В людях служил мальчиком в лавке купца Клочкова в Питере. Именно тогда пристрастился к чтению. Своими глазами видел, как, рубя шашками, казаки разгоняли рабочих 9 января 1905 года.
В том же году, не выдержав издевательств хозяина, он ушел из лавки и устроился на так называемый Франко-прусский завод. Работа была, что и в лавке - мальчик на побегушках, а жалованье - 30 копеек в день. На заводе Блюхер впервые принял участие в стачках, познакомился с большевиками. А в 1907 году его уволили за ненадобностью. Искал работу, служил полтора года приказчиком в мануфактурном магазине, снова искал работу, перебрался в Москву и в 1909 году поступил на Мытищинский вагоностроительный завод, где в то время служил и мой отец. Мне даже стало казаться, что я вспоминаю лицо Василия Константиновича среди десятков рабочих, приходивших за помощью к моему отцу. Но, скорее всего, это уже мои фантазии! За призыв к стачке Блюхера арестовали.
Я вспомнил, как однажды отец пришел усталый и сказал каким-то бесцветным голосом:
- Сегодня опять митинг был - какой-то мальчишка влез на забор и стал кричать про забастовку. Арестовали его. М-мда...
Так, значит, тем молодым рабочим был Василий Константинович! А может, и кто другой...
В тюрьме Блюхер провел два года и восемь месяцев. Потом поступил приказчиком в мануфактурно-галантерейный магазин, что на углу Большой Никитской и Леонтьевского переулка.

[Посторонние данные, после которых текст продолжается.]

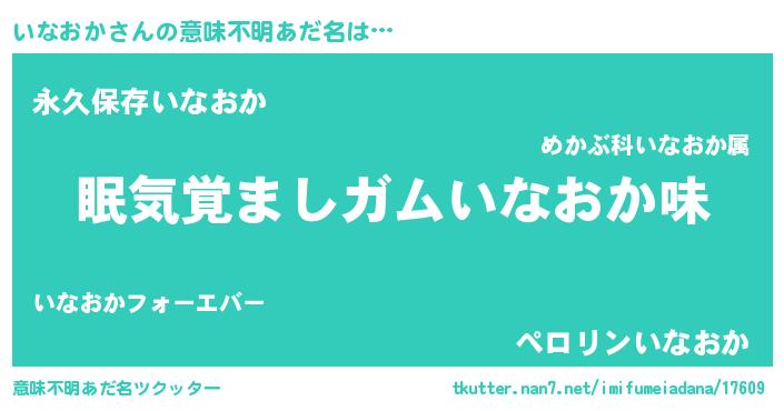 | 男性向けラノベタイトル風あだ名 | 『ノーゲーム・ノーイナオカ』 |
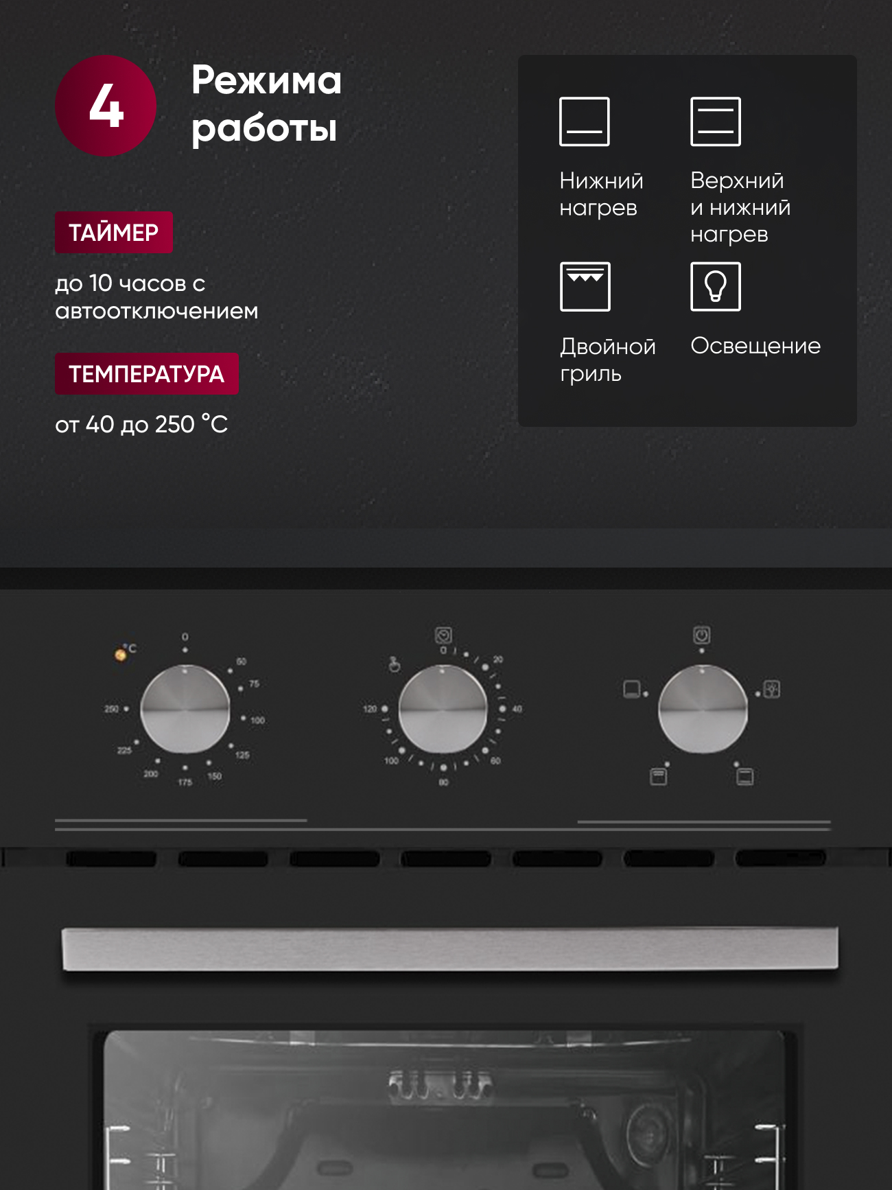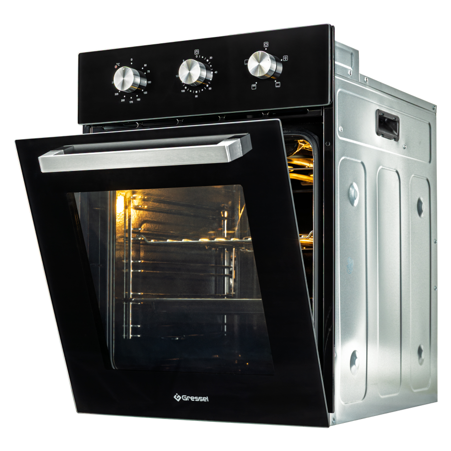Духовой шкаф Gressel U4ES14000 создан для тех, кто хочет получать максимум возможностей даже в компактной кухне. При ширине всего 45 см он вмещает 50 литров — достаточно, чтобы приготовить ужин для всей семьи или порадовать гостей домашней выпечкой. Тройное остекление дверцы и доводчик делают использование комфортным и безопасным: стекло остается прохладным, а дверца закрывается мягко и бесшумно. Четыре режима нагрева — от классического верхнего и нижнего до двойного гриля — позволяют легко подобрать оптимальные условия для любого блюда. Подсветка на основе галогенной лампы дает хороший обзор внутри камеры, а вентилятор охлаждает корпус и защищает мебель. Эмаль легкой очистки упрощает уход: достаточно протереть поверхность после готовки. Стильное черное стекло впишется в современный интерьер, а гарантия 3 года станет дополнительным подтверждением надежности техники.
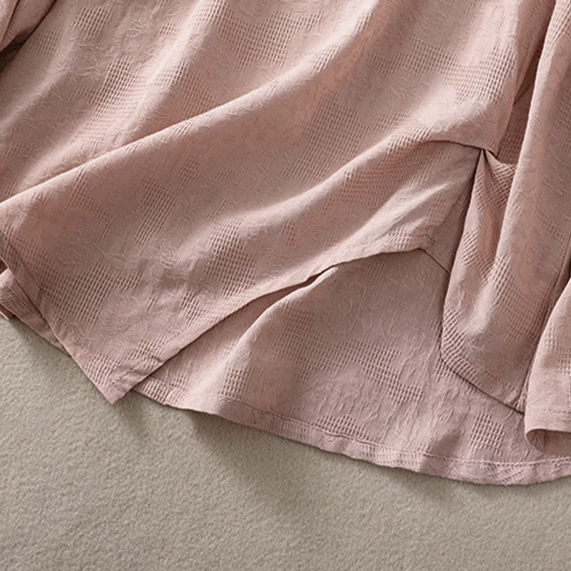 Camisa de manga larga de algodón para mujer con diseño plisado y bajo irregular en jacquard con Buddha Stones - Salmón oscuro - US8-10,UK/AU12-14,EU40-42 (2XL) - image 16
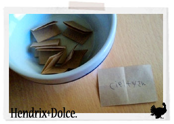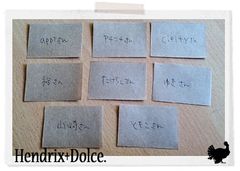 皆様のお名前を書いた紙を折って、こんな感じで格納。ここの中からウチの母、通称:皆川母にくじを引いてもらいました!
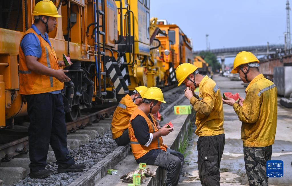 7月21日,国铁南宁局沿海铁路公司钦州工务段工人吃西瓜消暑。
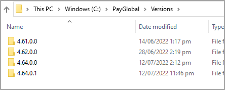 To find the current version folder, go to Help > About > Details in PayGlobal.

После начала германской войны нашего главкома призвали в армию. За бои под городом Величко его наградили Георгиевской медалью и Георгиевским крестом 4-й степени, дали первую лычку на погоны, а немного позже за рукопашный бой на реке Стародомке вручили Георгиевский крест 3-й степени.
В 1915 году Блюхер был уже унтер-офицером 19-го Костромского полка. Долго его не брала немецкая пуля, некоторые даже считали его заговоренным, но в январе 15-го года, когда Блюхер делал проходы в проволочных заграждениях, отряд накрыла вражеская артиллерия. Осколками разворотило всю спину, никто не верил, что молоденький унтер выживет. В госпитале его несколько раз принимали за умершего и относили в покойницкую.
Когда после года, проведенного на серых госпитальных койках, Блюхер разделся перед врачебной комиссией, видавшие виды военные медики переглянулись, дружно покачали головами и вчистую уволили его "в первобытное состояние с пенсией первого разряда".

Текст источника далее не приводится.